MM-Embed
Property | Value |
---|---|
License | CC-BY-NC-4.0 |
Base Architecture | LLaVA v1.6 Mistral-7B |
Paper | arXiv:2411.02571 |
Maximum Token Length | 32,768 Tokens |
What is MM-Embed?
MM-Embed is a groundbreaking multimodal retrieval model developed by NVIDIA that extends the capabilities of NV-Embed-v1. It represents a significant advancement in multimodal AI, achieving state-of-the-art results with a 52.7 averaged score on the UniIR benchmark, surpassing previous best results of 48.9. The model also improves text retrieval accuracy to 60.3 on MTEB benchmark across 15 retrieval tasks.
Implementation Details
The model is built on a decoder-only transformer architecture, leveraging the LLaVA v1.6 Mistral-7B foundation. It implements innovative training strategies, including modality-aware hard negative mining for improved multimodal retrieval accuracy, and features a continual text-to-text fine-tuning method.

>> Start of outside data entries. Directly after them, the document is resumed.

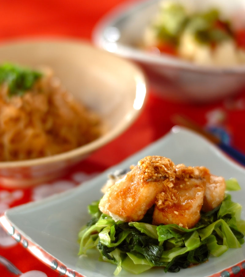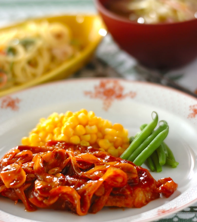 ご飯もパンにも合うポークチャップをメインに、簡単にできる副菜2品の組合せ。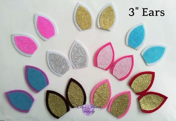 3 Felt Glitter Center Unicorn Ears Diy Supply Craft Etsy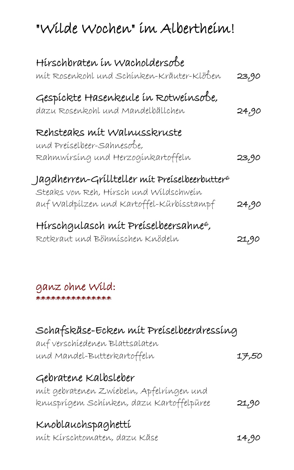 Unsere Speisekarte des Restaurant Albertheim in Freital-Pesterwitz, immer vielfältig und abwechslungsreich.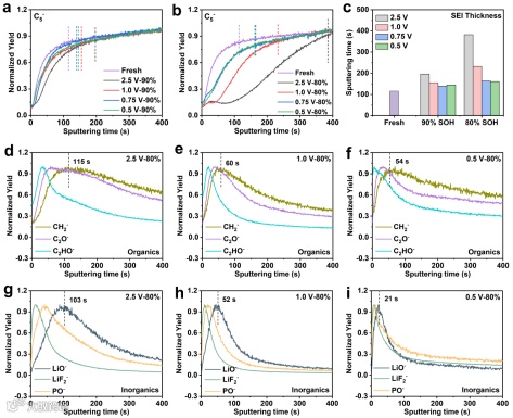 图4. 通过TOF-SIMS分析过放电应力下SEI的厚度和结构演变。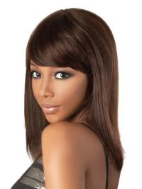 Auburn With Bangs Shoulder Wigs Human Hair African American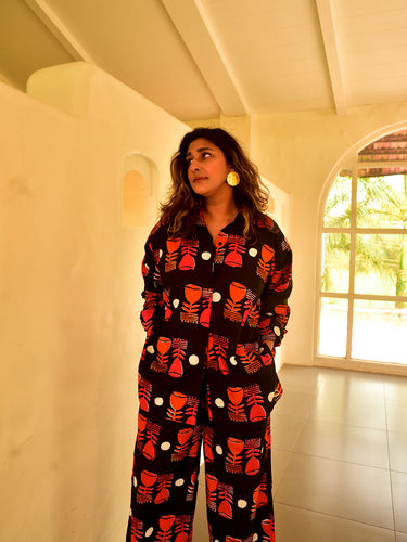 Cut in our exclusive hand-block print a rich black cotton with bright pink and orange floral motifs. These pants are laidback and perfect for easy styling. With an elasticated waist, drawstring tie-up and pockets on both sides, pair it with our Farida Shirt for a casual-chic vacay look.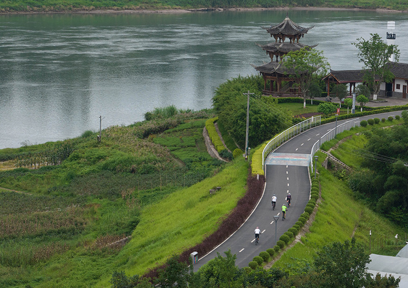 骑行爱好者骑行在长江环线绿道四川宜宾市南溪区长江村段上(2023年6月29日摄,无人机照片)。新华社记者 江宏景 摄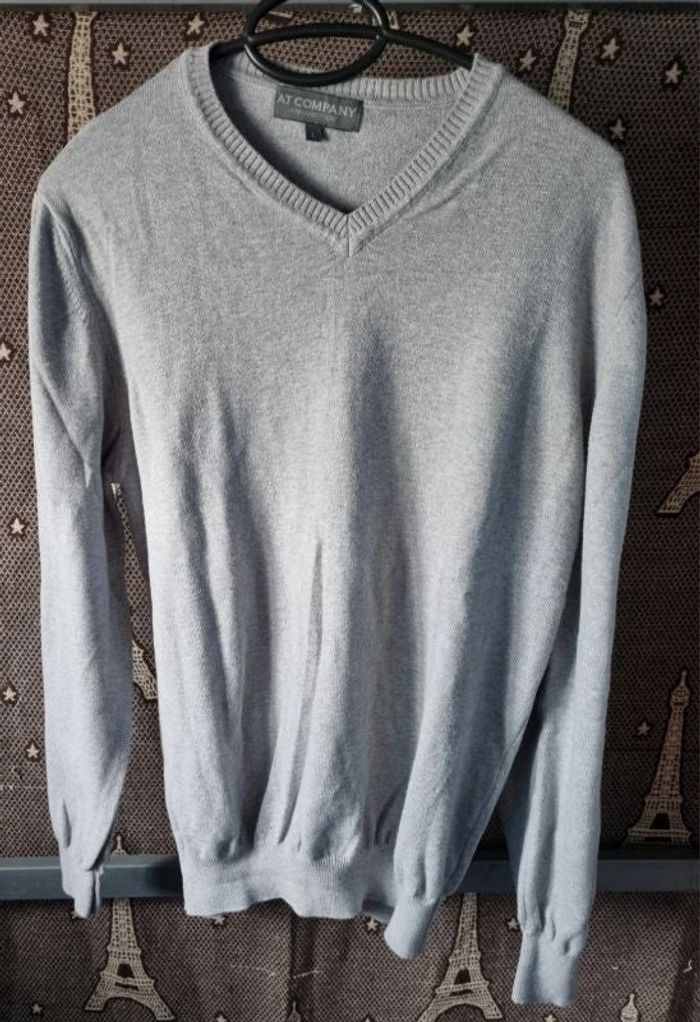 Pull gris clair, taille L marque At Company (Armand Thiery),longueur 65cm, largeur 46cm, longueur épaule à aisselle 24cm, largeur aisselle à aisselle 48cm,longueur manche 47cm.

- Supports both text and image inputs in various formats
- Employs PyTorch as the runtime engine
- Optimized for NVIDIA Hopper architecture
- Handles maximum token length of 32,768
Core Capabilities
- Multimodal retrieval with state-of-the-art accuracy
- Enhanced text-to-text retrieval performance
- Flexible input handling for both text and images
- Support for high-dimensional embedding generation
- Integrated instruction-based querying system
Frequently Asked Questions
Q: What makes this model unique?
MM-Embed stands out for its superior performance in multimodal retrieval tasks and its ability to maintain high accuracy in both text-to-text and multimodal scenarios. Its implementation of modality-aware hard negative mining and continual fine-tuning strategies represents a significant advancement in the field.

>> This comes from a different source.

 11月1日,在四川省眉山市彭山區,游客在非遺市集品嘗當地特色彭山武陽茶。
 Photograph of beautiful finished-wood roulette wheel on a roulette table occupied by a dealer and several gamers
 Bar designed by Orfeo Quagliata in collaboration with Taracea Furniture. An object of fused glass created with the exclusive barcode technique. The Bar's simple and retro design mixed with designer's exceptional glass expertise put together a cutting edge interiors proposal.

Q: What are the recommended use cases?
The model is ideal for research applications requiring multimodal retrieval, including text-image search systems, document retrieval, and question-answering systems. However, due to its CC-BY-NC-4.0 license, it should not be used for commercial purposes. For commercial applications, NVIDIA recommends using NeMo Retriever Microservices (NIMs).